Problem description:
Take the data below and extract the lines from the one with "Stabdymo zonos neįveikimas" to the one with "4.2. Rekomenduojama stabdymo", inclusive, exactly as written.

Data records:
- - - - - - -
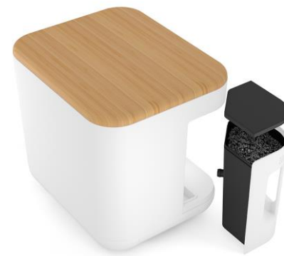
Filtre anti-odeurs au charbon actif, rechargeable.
- - - - - - -
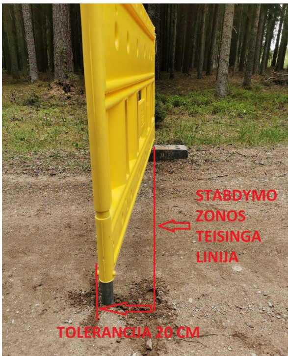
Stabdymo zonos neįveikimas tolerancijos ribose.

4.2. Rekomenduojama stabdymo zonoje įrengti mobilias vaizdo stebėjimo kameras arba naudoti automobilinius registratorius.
- - - - - - -
Response box:
Stabdymo zonos neįveikimas tolerancijos ribose.

4.2. Rekomenduojama stabdymo zonoje įrengti mobilias vaizdo stebėjimo kameras arba naudoti automobilinius registratorius.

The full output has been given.